THE PROBLEM
Nothing but the lines from the one holding "Если пряжа более" through the last line of the material below should be set down, exactly and without images.

RAW DATA
• • • • •

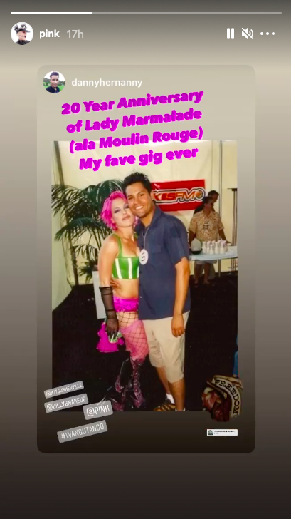 Meanwhile, Pink shared a post celebrating the anniversary of the group's performance of "Lady Marmalade" at the 2001 Wango Tango Concert at Dodger Stadium.
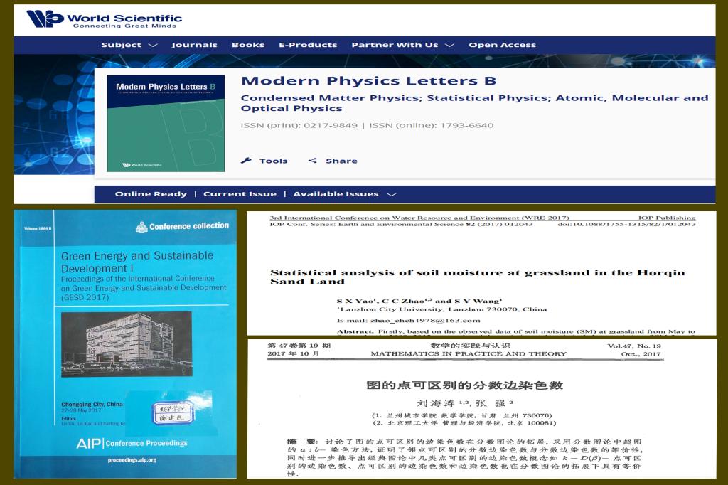 学科建设一年多以来,科研成果初见成效,共发表学术论文6篇(核心以上),其中SCI收录1篇,EI检索2篇,ISTP检索1篇。分别为Li Chen(陈莉), Gang Duan, Canglong Wang,Property of mono-vacancy in MAX phase M3AC2(M=Ti, A=Al, Si, or Ge): First principles calculations , Modern Physics Letters B,(SCI);S X Yao(姚淑霞), C C Zhao, S Y Wang, H F Wang and T H Zhang. Long-term meteorological trends in the Naiman County ofnorthern China,Earth and Environmental Science, 41 (2016) ,1-9 (EI);S X Yao(姚淑霞), C C Zhao and S Y Wang.Statistical analysis of soil moisture at grassland in the HorqinSand Land,Earth and Environmental Science, 82 (2017),1-7 (EI);Jianmin Xie(谢建民), Wenmei Hong, Tinggang Zhao(赵廷刚) Bing Yao, Odd-Graceful Labeling Algorithm and its Implementation of Generalized Ring Core Network, Green Energy and Sustainable Development I (Volume 1864 B), 2017,AIP Cof. Proc. 1864,020139-1-020139-8; doi:10.1063/1.4992956, Published by AIP Publishing.(ISTP);刘海涛,张强. 图的点可区别的分数边染色数[J]. 数学的实践与认识.(中文核心);Tinggang Zhao(赵廷刚).On Birkhoff Interpolations with fractional-order derivatives. Advances in Analysis,1(2).25-40.
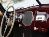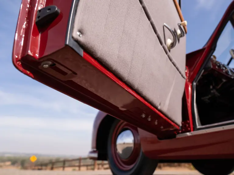 The car’s original and complete interior was intact, and the factory pieces were used as patterns to create a new set of seat covers, door cards, headliner, and carpeting stitched and installed by Sewfine of South Denver, Colorado. Both the driver and passenger seats were reconstructed with more substantial frames, springing, and fresh padding material. The instrument panel knobs and switches were refurbished, the dashboard instruments sent out to North Hollywood Speedometer. The consignor restored the hardwood door caps and states that nearly all the trim is original.
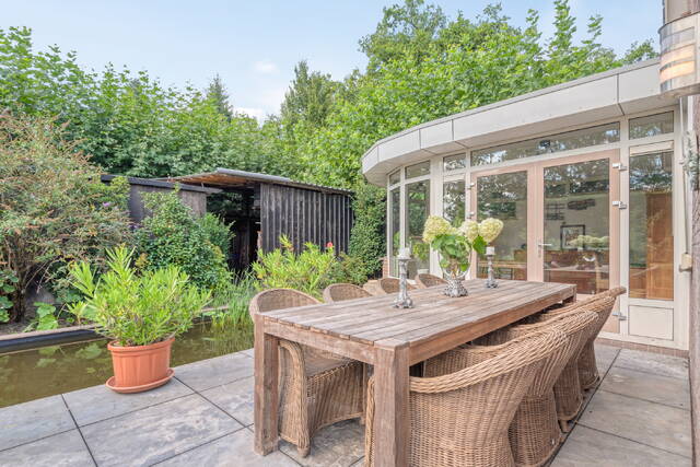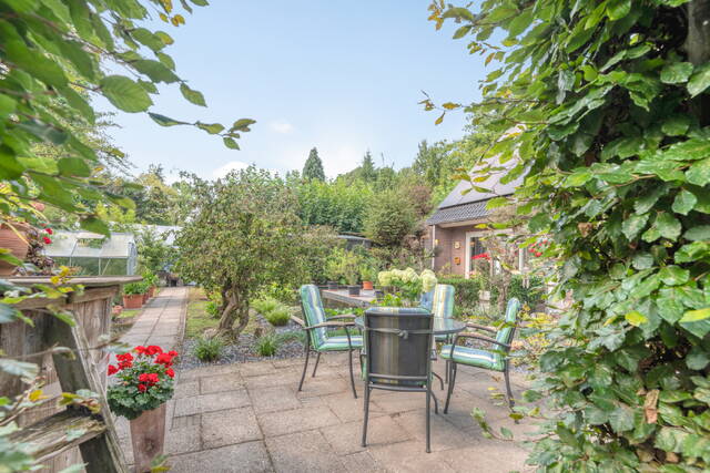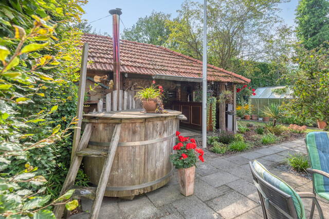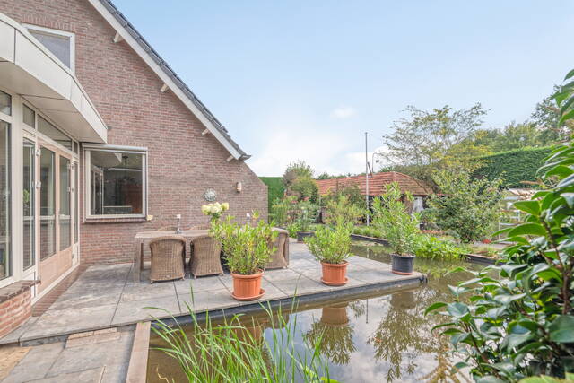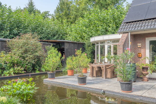 Het perceel van 961 m² is met veel zorg en aandacht aangelegd. U vindt hier een ruim terras, een sfeervolle vijver en volop groen, waardoor u geniet van rust en privacy.
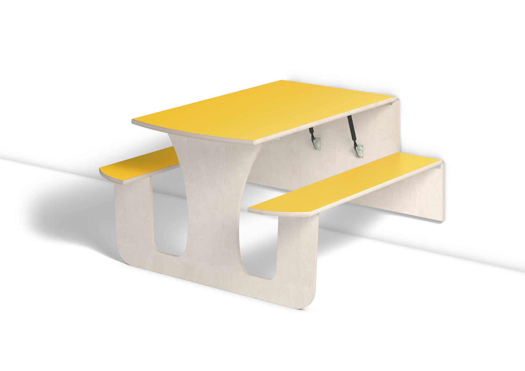 Vägghängande bord med låsanordning och dämpande gaskolvar, vilket ger ett säkert bord som fälls ned sakta och kontrollerat. Kräver montering. Vitpigmenterad björk. Bordsskiva med linoleum och lackad undersida. Integrerad sittbänk. Djup från vägg i uppfällt läge: 55 mm.
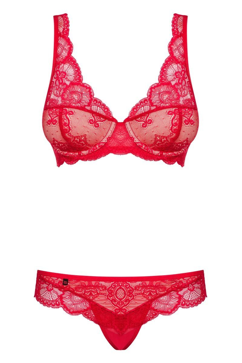 Эффектный кружевной комплект с чашечками на косточке. В комплекте: бюстгальтер, трусики.
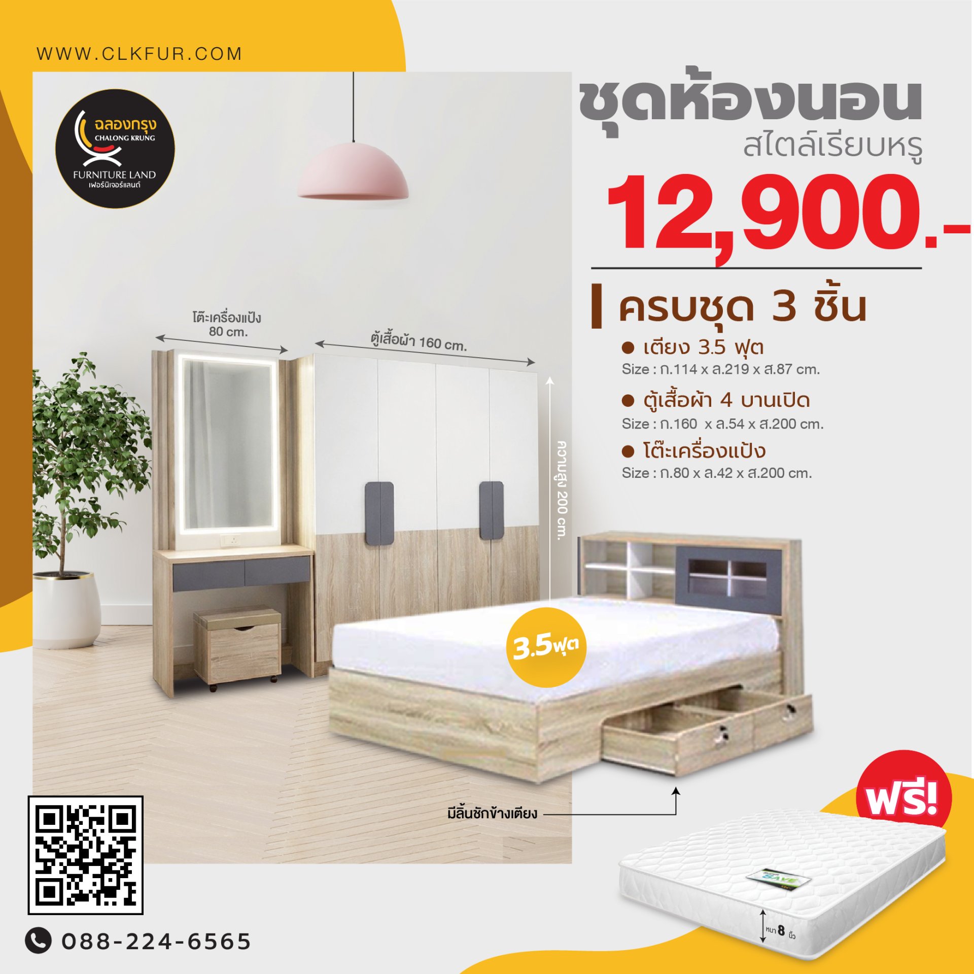 ชุดห้องนอน 3.5 ฟุต โทนสีขาว
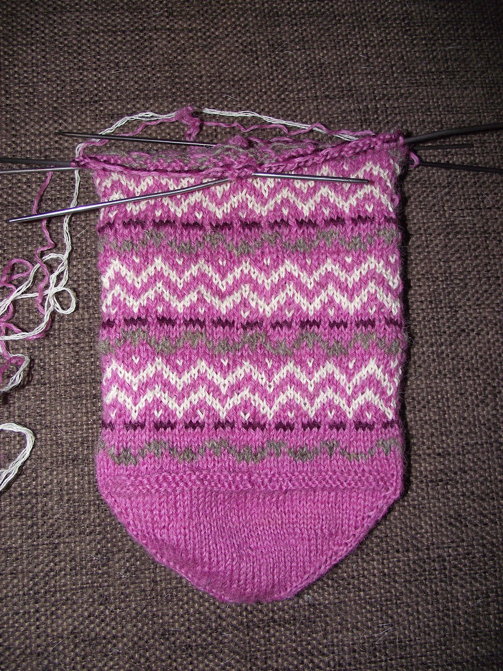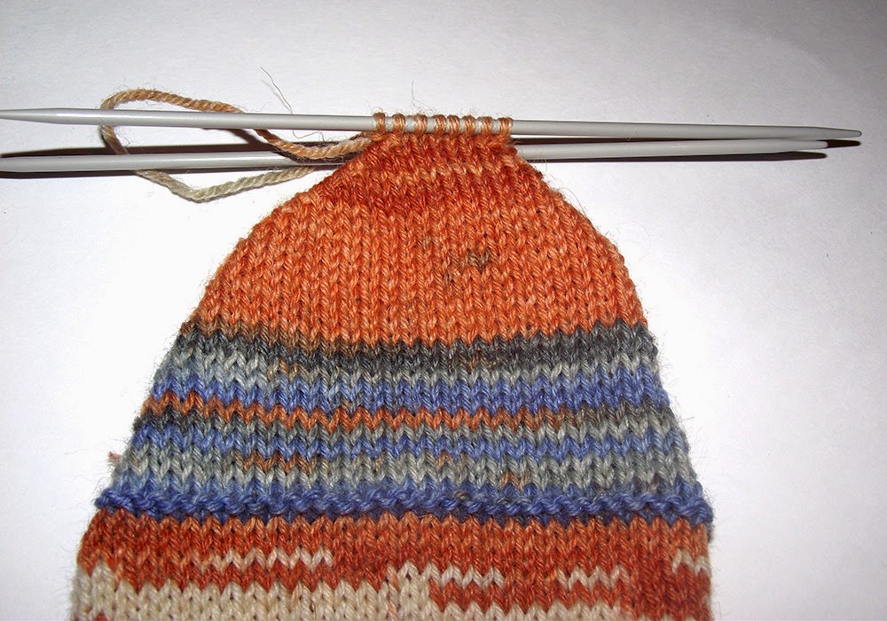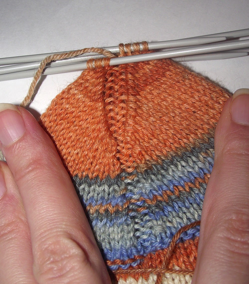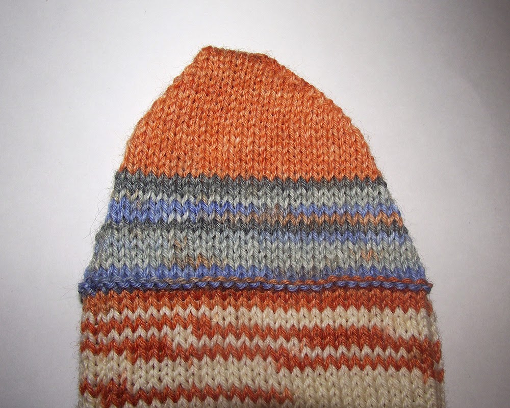 Если пряжа более тонкая и есть желание лучше посадить мысок носка по ноге - хотя бы как на этом фото
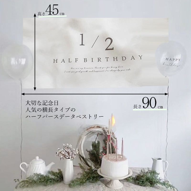 ハーフバースデー・100日祝いに使用できる風船やタペストリーなどの飾り付けグッズのページです。
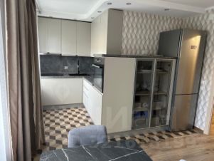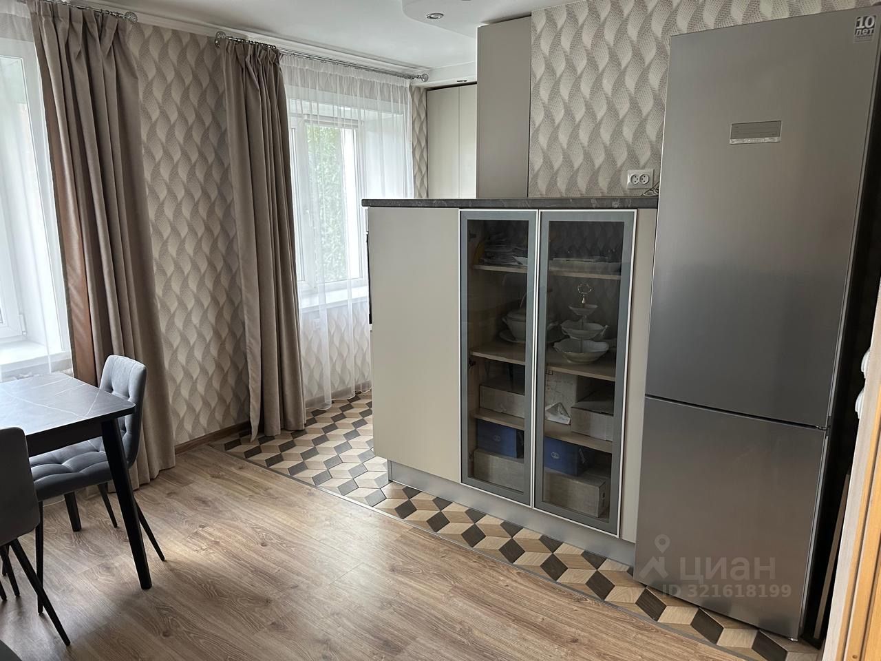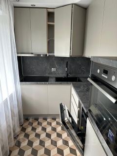 Кухня-гостиная со встроенной техникой и мебелью: духовой шкаф, варочная панель, посудомоечная машина, вытяжка, холодильник, телевизор (в упаковке), диван, большой кухонный стол и стулья. Пол кафель (Керама марацци) и ламинат.
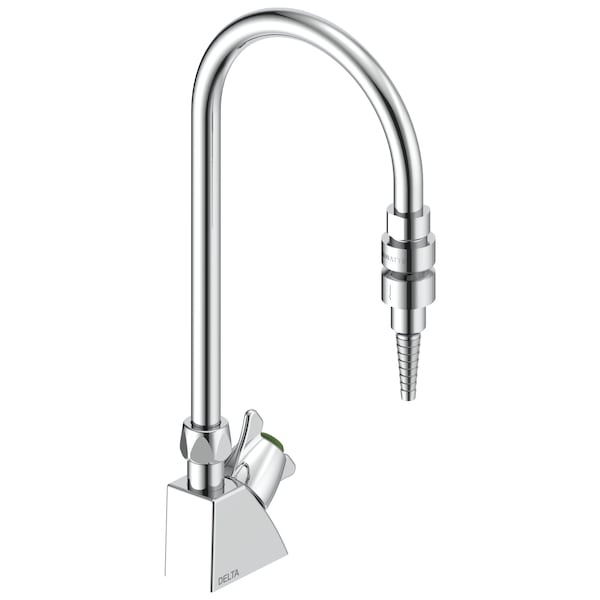 This deck-mount single faucet with rigid/swivel gooseneck comes complete with vandal resistant locking pin, 1/4 in. I.D. 10 serration nozzle, shank, locknut, lockwasher, 2 arm lab handle, TECK Lab structure, C.P. renewable brass seat, 1/4 in. NPT tailpiece, and coupling nut. It also includes an in-line dual check vacuum breaker and nozzle. The heavy-duty gooseneck spout is made from seamless brass pipe. Its unique design permits field installation as a rigid or swivel spout. The Delta Commercial offering goes beyond providing exceptional Commercial-grade performance with products that reflect the personality of the individual institution.

• • • • •

RESPONSE BOX
 Если пряжа более тонкая и есть желание лучше посадить мысок носка по ноге - хотя бы как на этом фото
 ハーフバースデー・100日祝いに使用できる風船やタペストリーなどの飾り付けグッズのページです。
 Кухня-гостиная со встроенной техникой и мебелью: духовой шкаф, варочная панель, посудомоечная машина, вытяжка, холодильник, телевизор (в упаковке), диван, большой кухонный стол и стулья. Пол кафель (Керама марацци) и ламинат.
 This deck-mount single faucet with rigid/swivel gooseneck comes complete with vandal resistant locking pin, 1/4 in. I.D. 10 serration nozzle, shank, locknut, lockwasher, 2 arm lab handle, TECK Lab structure, C.P. renewable brass seat, 1/4 in. NPT tailpiece, and coupling nut. It also includes an in-line dual check vacuum breaker and nozzle. The heavy-duty gooseneck spout is made from seamless brass pipe. Its unique design permits field installation as a rigid or swivel spout. The Delta Commercial offering goes beyond providing exceptional Commercial-grade performance with products that reflect the personality of the individual institution.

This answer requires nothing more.